‘Ezemvelo must make money’

2010-11-18 00:00

EZEMVELO KZN Wildlife was given a stern warning by the provincial finance committee to get its act together and start generating money.

This was after it had failed to respond in writing to a committee resolution asking how the conservation body plans to become more financially self-sustainable.

During last year’s mid-term review, the committee heard of buildings in wildlife parks that were in a state of disrepair, poor collection of gate fees and broken-down vehicles.

Finance committee chairperson Belinda Scott said that with the pressures for funds for health and education, there will be less money for conservation.

As it is, she added, Ezemvelo gets the highest amount of government funding compared to other conservation bodies in the rest of the country.

Scott acknowledged that Ezemvelo CEO Dr Bandile Mkhize was not at the helm when the resolution was passed, but he had been appointed from the Kruger National Park and she hoped that his knowledge gained through national conservation would make a difference in the province.

Jo-Ann Downs of the African Christian Democratic Party said, “We love our country’s wildlife, but the realities are that unless we become sustainable, it is going to all disappear. You absolutely have to generate your own income.”

Scott said she would get agriculture portfolio committee member Henry Combrinck to speak to Mkhize. “He will lecture you for hours on revenue from hunting. Instead of culling, you can open up to hunters. I know because I’ve had to listen to him,” she added.

The finance chairperson said the committee is not expecting miracles overnight, but it needs to see some improvements, otherwise the situation will get so bad that it will become unaffordable to put right.

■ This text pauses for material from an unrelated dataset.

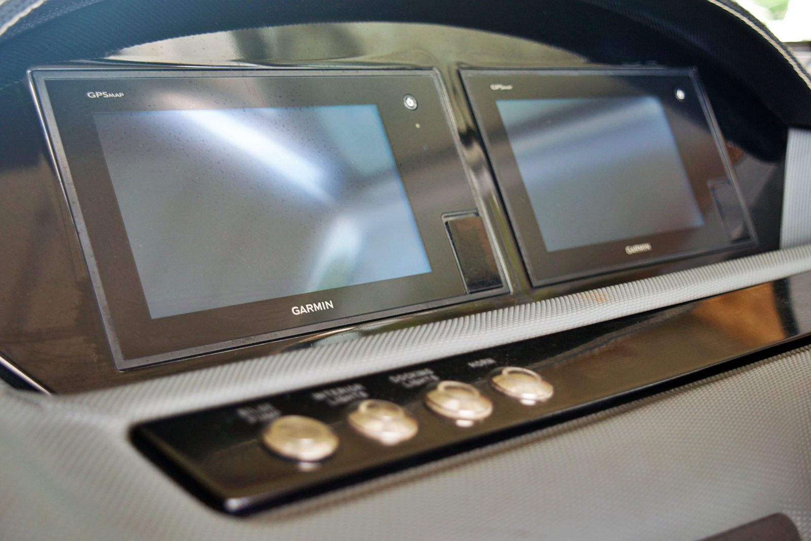 - Garmin Dual 7" Touchscreen Displays (Instrument Cluster, GPS Chartplot Navigation, Engine Diagnostics, Water Depth, and more!)

Mkhize said Ezemvelo has made a start in becoming sustainable.

It has appointed a business improvement manager and has a plan to lessen the reliance on government money.

The finance committee also learnt that R1 million was spent on rhino poaching intelligence and R8,6 million was set aside to replace vehicles.

A further R7 million went on building and refurbishments — the first time that such a big budget has been allocated to buildings.